Measuring what works

You can't keep an office great if you're guessing. A few honest signals — how it feels, how it's used — beat opinions and the loudest complaint.

working draft Updated Jun 3, 2026

Measuring what works

Part of pillar six, it stays great: you can’t improve what you don’t look at. Most offices run on anecdote and whoever complains loudest. A few light, honest signals turn “I think the rooms are crowded” into “we’re short four small rooms” — and tell you where to spend next.

Signals worth watching

  • How it feels. A short, recurring Workplace Experience Survey across the six pillars. Two minutes, a few rating questions, one open box. Trends matter more than any single score.
  • How it’s used. Are rooms always full or always empty? Which days are packed? You don’t need fancy sensors — a few walks at different times tell you most of it.
  • What breaks. Your facilities ticket queue is data: the same issue three times is a pattern, not three incidents.
  • The honest self-audit. The Great-Office Scorecard, redone each quarter, shows whether pillars are improving or sliding.

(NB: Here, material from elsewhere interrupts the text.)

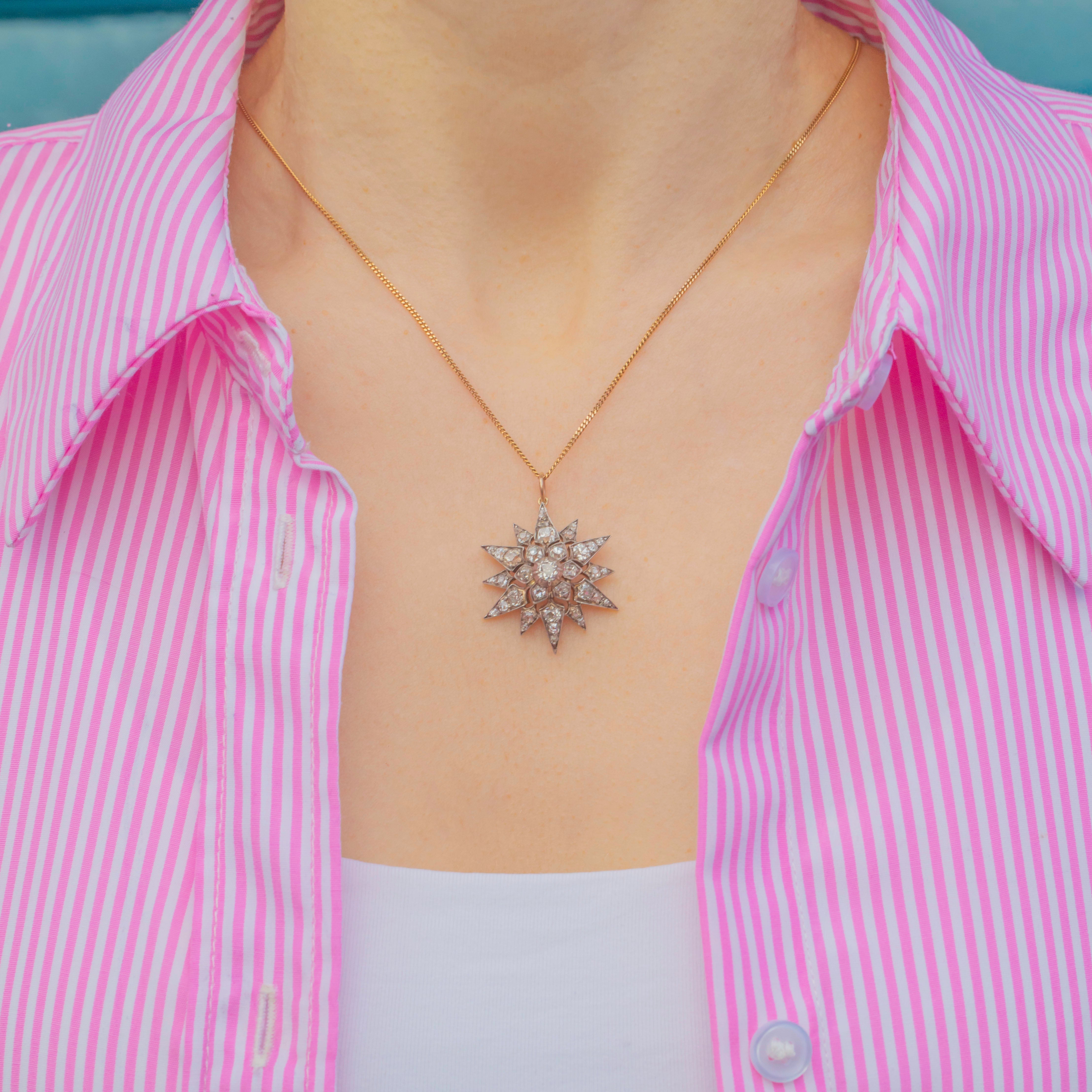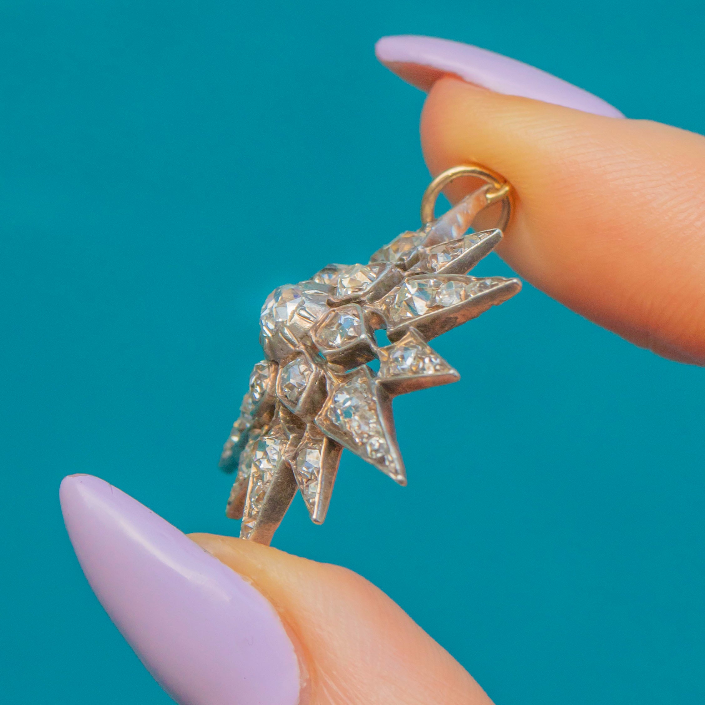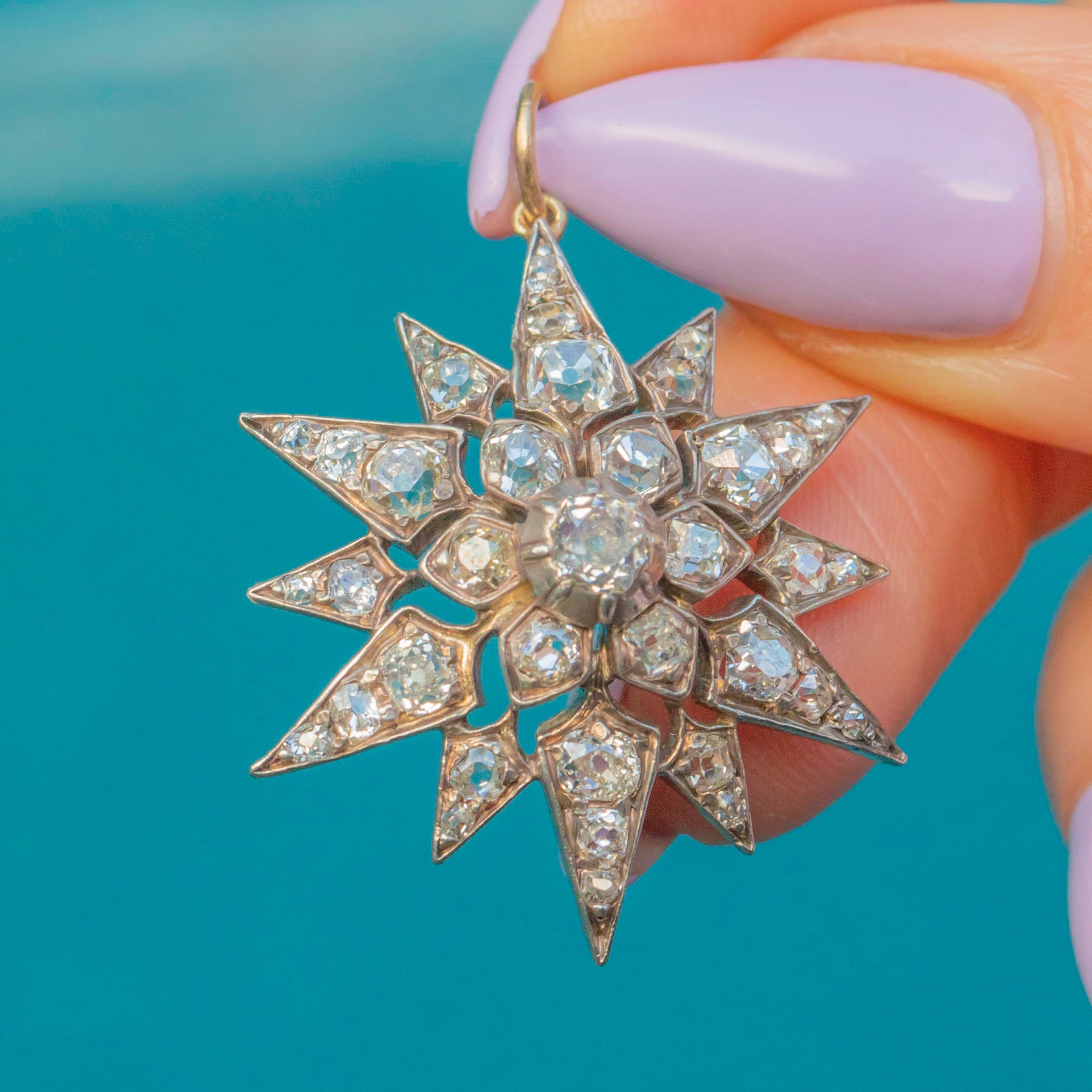 Antique 14ct Gold & Silver Diamond Starburst Pendant, 1.75ct
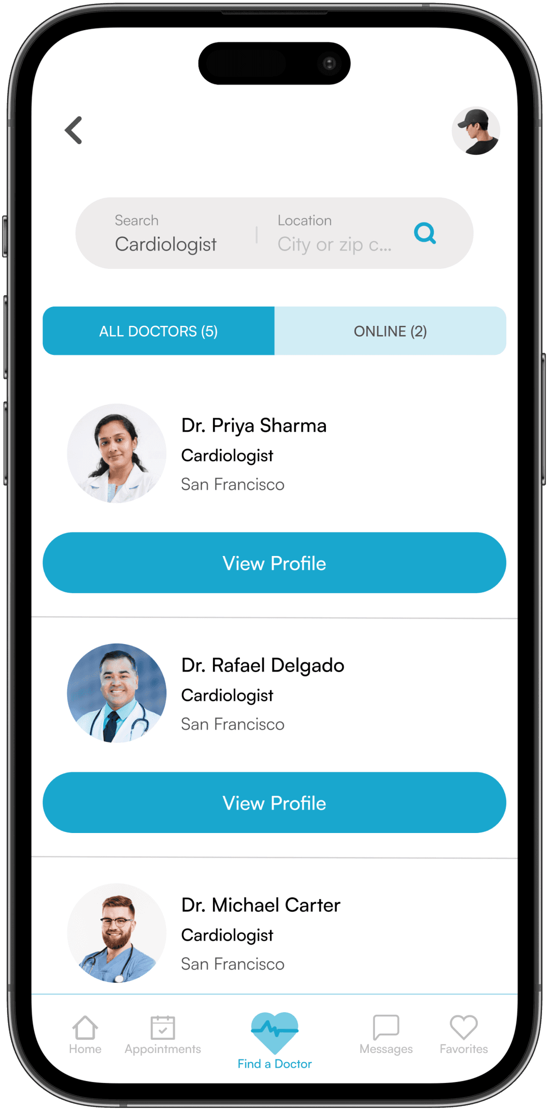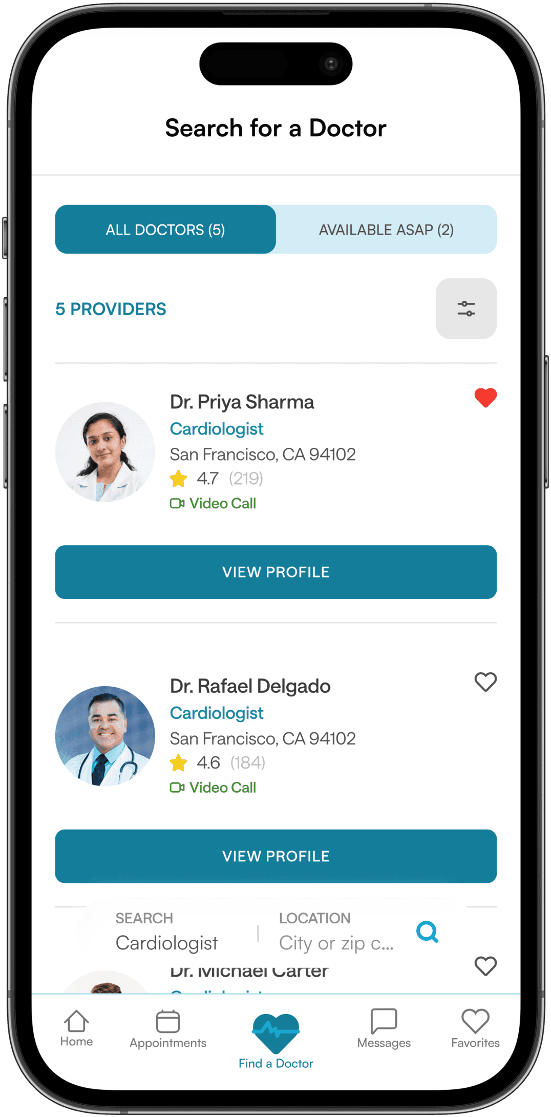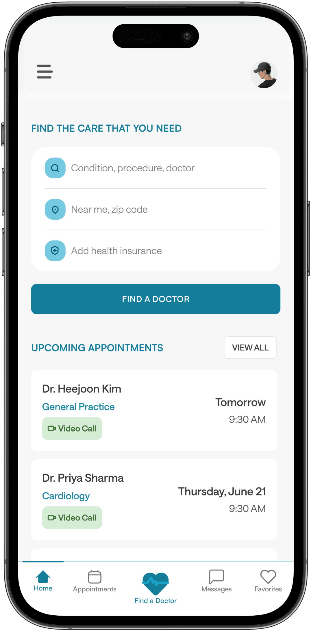 The search screen gives users a streamlined way to find the right healthcare providers based on their needs

Close the loop, or don’t bother

Measuring without acting is worse than not measuring — it teaches people their input goes nowhere. Every survey should produce a short “here’s what we heard and what we’re doing” note. That single habit is what makes the next survey honest.

When to start

Run a Post-Occupancy Review at 30, 60, and 90 days after opening, while impressions are fresh — then settle into a quarterly rhythm. See iterating & growing for what to do with what you learn.